* Given records:
*** Block opens ***
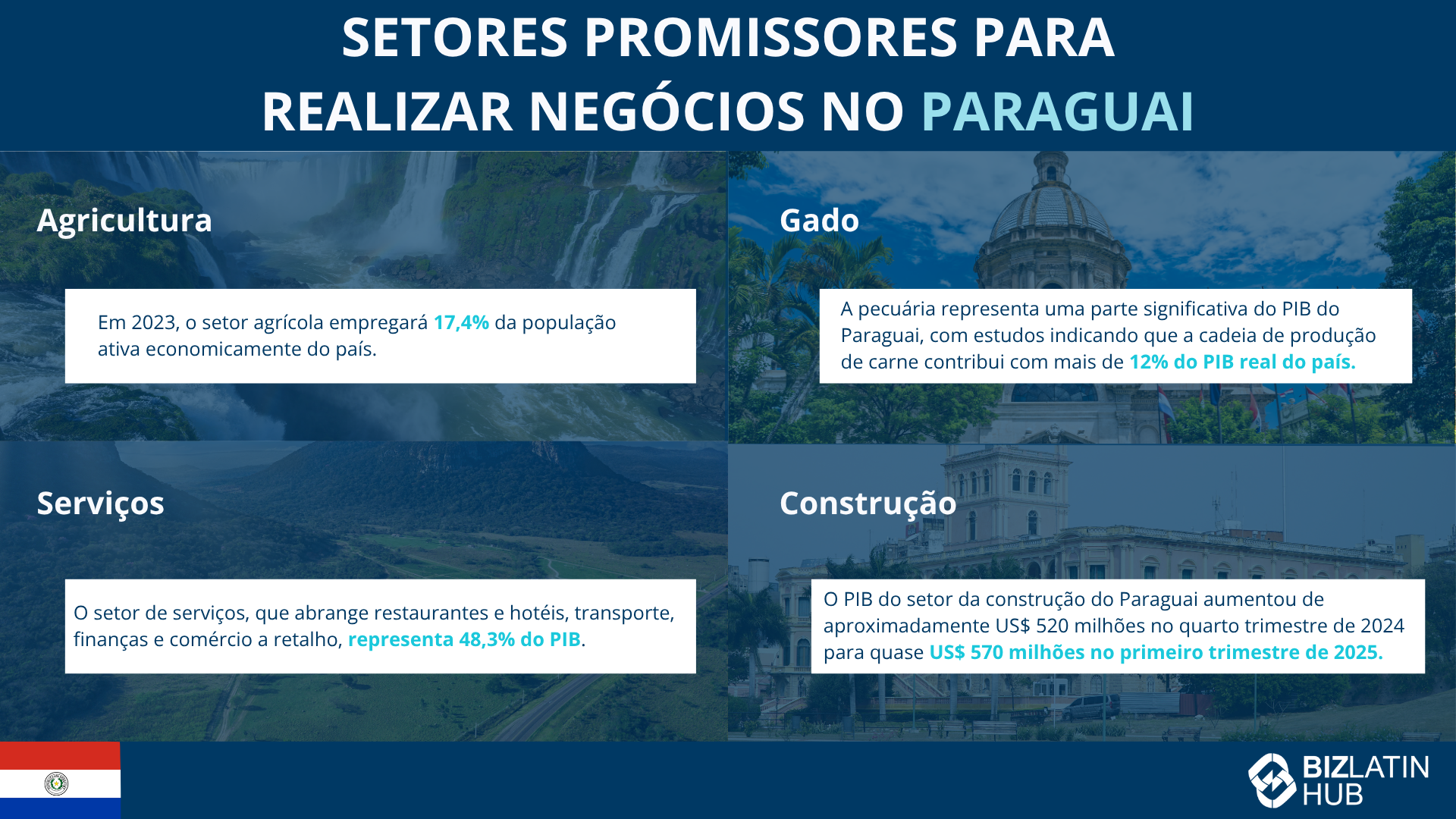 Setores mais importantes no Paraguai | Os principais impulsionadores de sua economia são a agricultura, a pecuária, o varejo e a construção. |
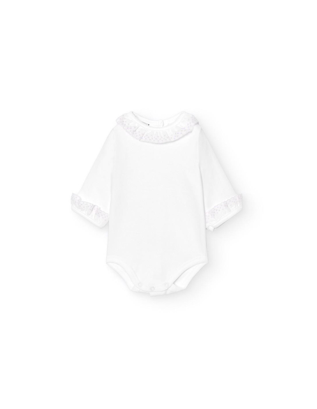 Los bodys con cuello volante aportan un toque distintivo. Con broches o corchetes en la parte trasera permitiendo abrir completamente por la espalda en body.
*** Block closes ***
*** Block opens ***
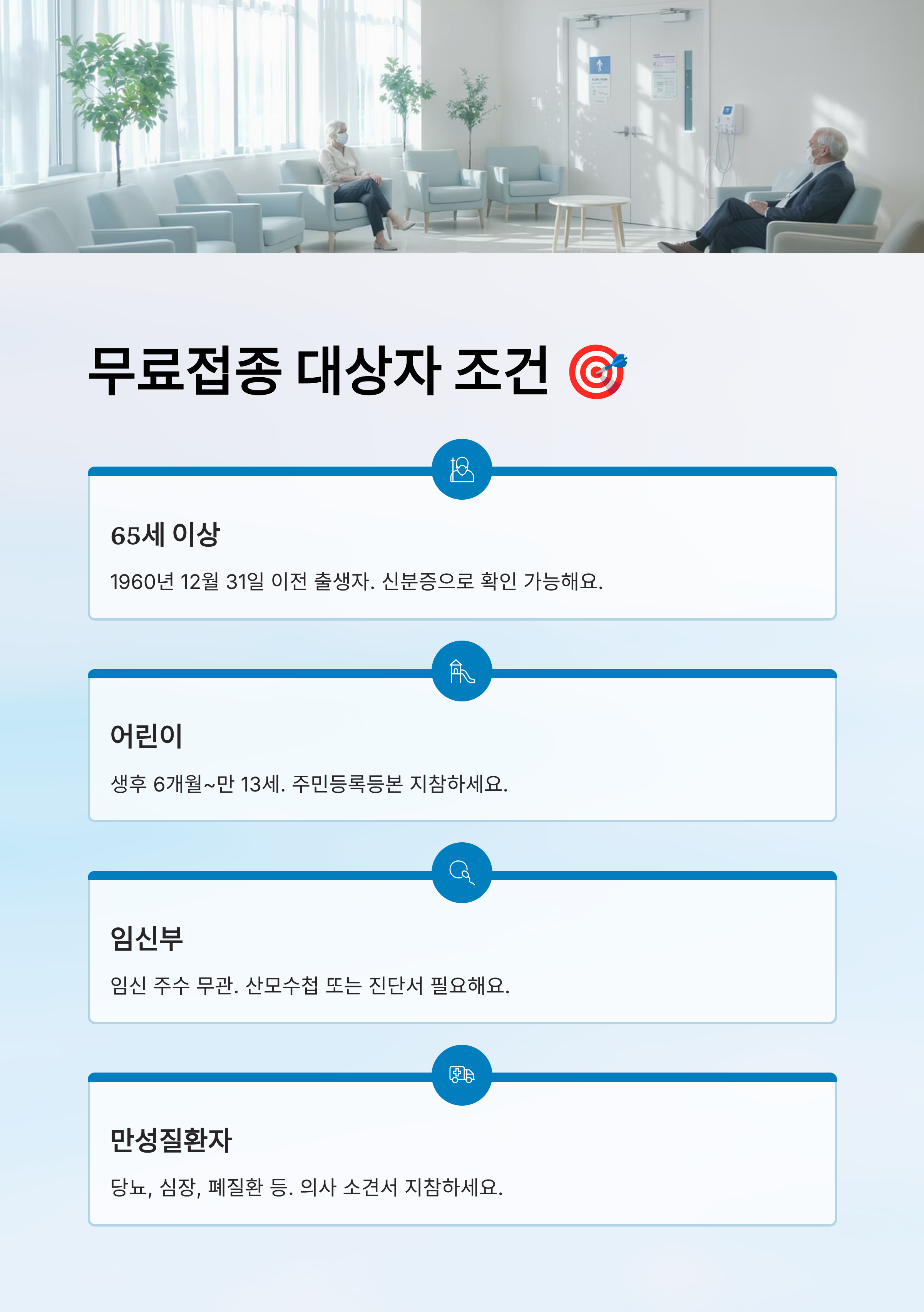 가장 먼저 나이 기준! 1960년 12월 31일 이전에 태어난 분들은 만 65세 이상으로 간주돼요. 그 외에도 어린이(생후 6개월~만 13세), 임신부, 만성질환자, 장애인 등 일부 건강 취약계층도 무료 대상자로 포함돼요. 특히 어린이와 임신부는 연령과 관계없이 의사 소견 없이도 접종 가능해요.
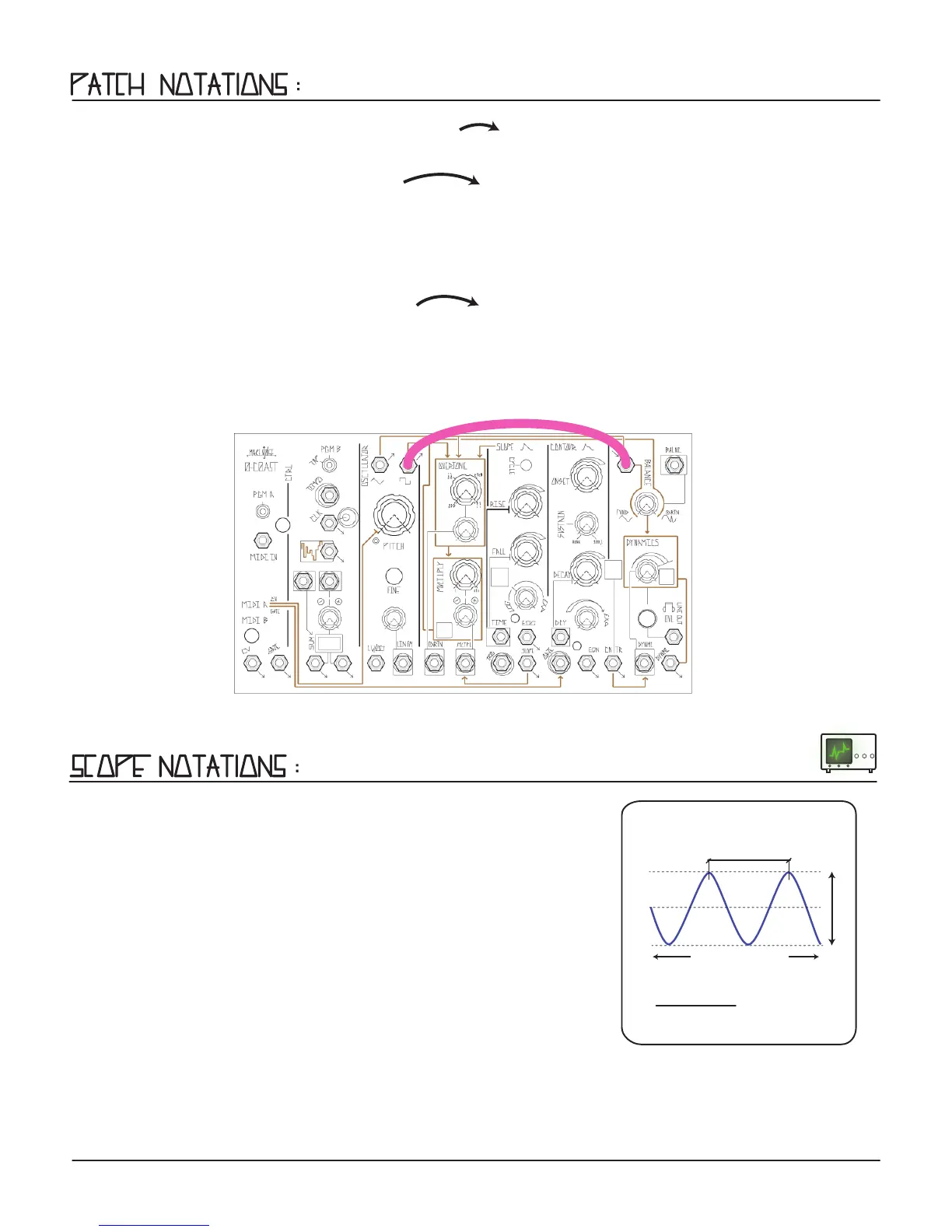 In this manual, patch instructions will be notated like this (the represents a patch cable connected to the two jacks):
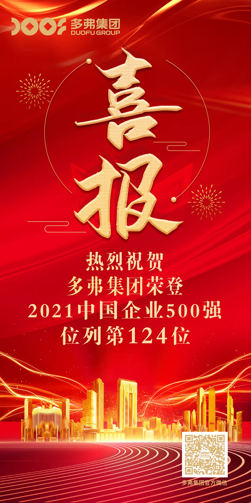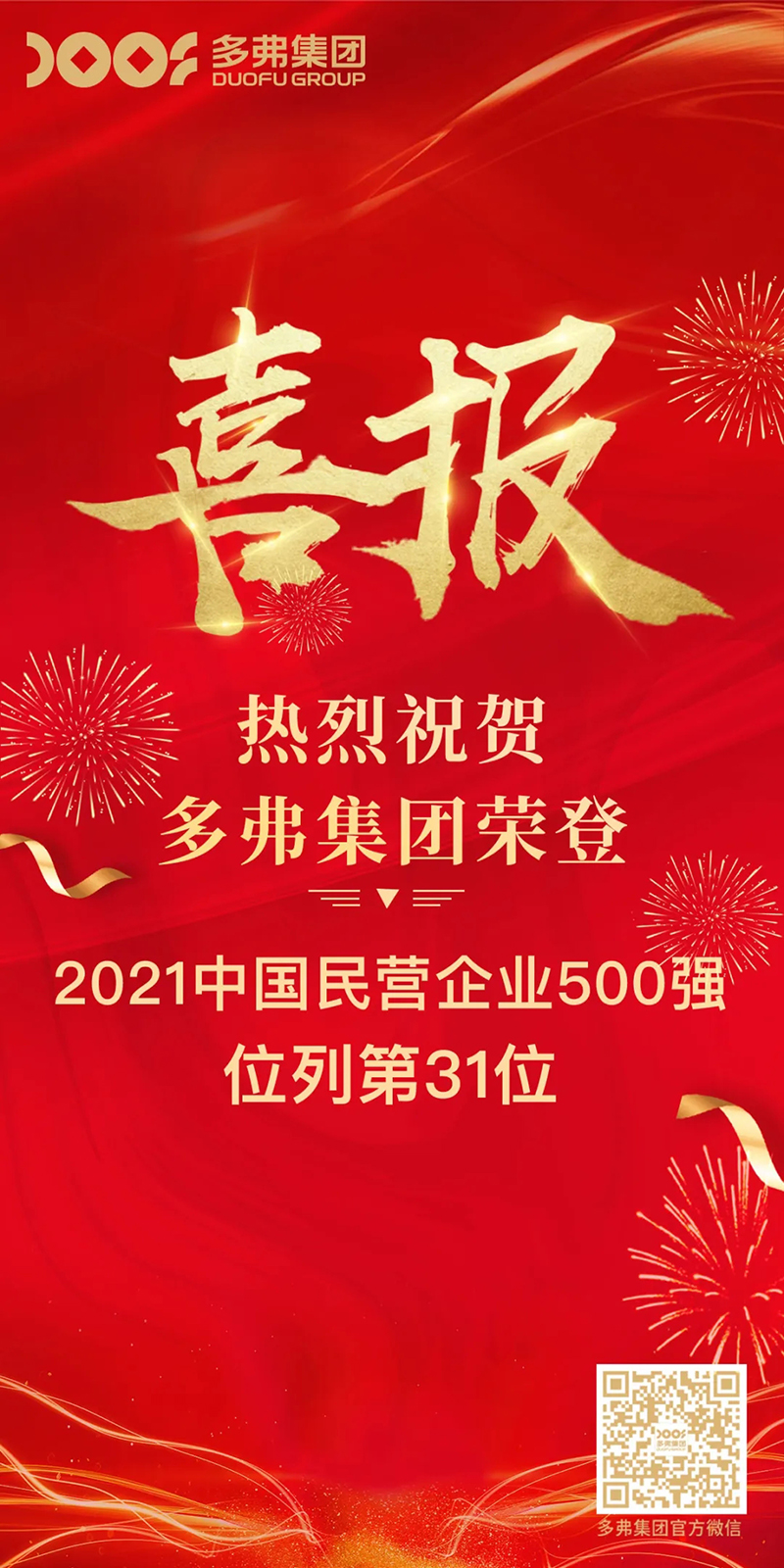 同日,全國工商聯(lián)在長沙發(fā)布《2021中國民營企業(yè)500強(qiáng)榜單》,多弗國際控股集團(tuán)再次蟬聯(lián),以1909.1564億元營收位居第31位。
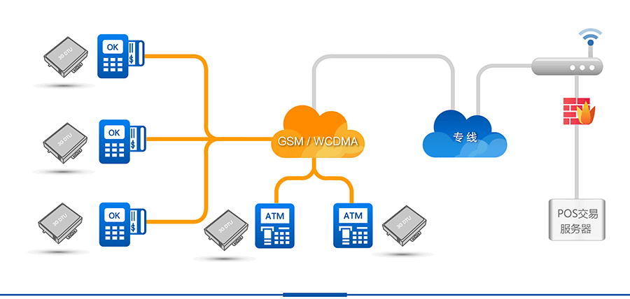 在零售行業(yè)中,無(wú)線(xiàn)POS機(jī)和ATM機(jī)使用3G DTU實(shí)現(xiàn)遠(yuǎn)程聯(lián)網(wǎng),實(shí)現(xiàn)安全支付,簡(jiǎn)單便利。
*** Block closes ***
*** Block opens ***
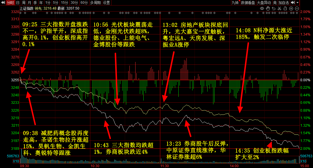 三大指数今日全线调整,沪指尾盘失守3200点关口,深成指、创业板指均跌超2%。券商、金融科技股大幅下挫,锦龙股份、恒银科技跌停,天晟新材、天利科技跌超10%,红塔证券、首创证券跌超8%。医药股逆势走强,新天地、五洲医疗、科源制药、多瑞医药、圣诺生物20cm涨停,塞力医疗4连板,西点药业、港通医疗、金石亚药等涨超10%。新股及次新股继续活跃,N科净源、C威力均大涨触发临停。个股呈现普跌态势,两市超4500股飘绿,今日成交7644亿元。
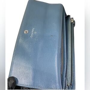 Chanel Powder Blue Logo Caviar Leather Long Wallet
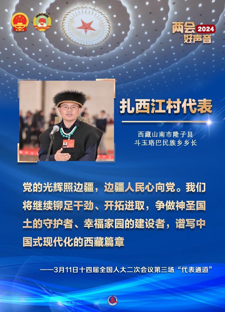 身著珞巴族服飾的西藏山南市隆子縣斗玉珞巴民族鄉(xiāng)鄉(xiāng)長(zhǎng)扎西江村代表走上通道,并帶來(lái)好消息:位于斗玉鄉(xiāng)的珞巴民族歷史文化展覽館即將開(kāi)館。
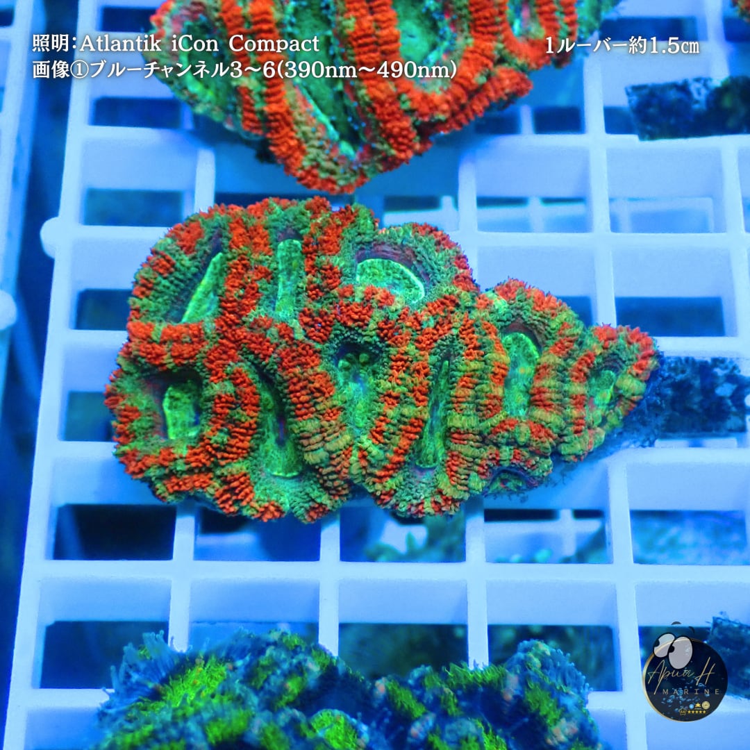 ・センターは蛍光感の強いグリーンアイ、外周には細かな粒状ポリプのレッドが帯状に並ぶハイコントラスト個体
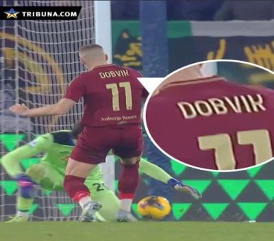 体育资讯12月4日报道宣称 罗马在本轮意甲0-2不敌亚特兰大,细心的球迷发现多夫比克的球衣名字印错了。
*** Block closes ***
Once the line with "同日,全國工商聯(lián)" is found in the data above, reproduce it and each line after it exactly, through the line with "在零售行業(yè)中,無(w". Omit the pictures.

 同日,全國工商聯(lián)在長沙發(fā)布《2021中國民營企業(yè)500強(qiáng)榜單》,多弗國際控股集團(tuán)再次蟬聯(lián),以1909.1564億元營收位居第31位。
 在零售行業(yè)中,無(wú)線(xiàn)POS機(jī)和ATM機(jī)使用3G DTU實(shí)現(xiàn)遠(yuǎn)程聯(lián)網(wǎng),實(shí)現(xiàn)安全支付,簡(jiǎn)單便利。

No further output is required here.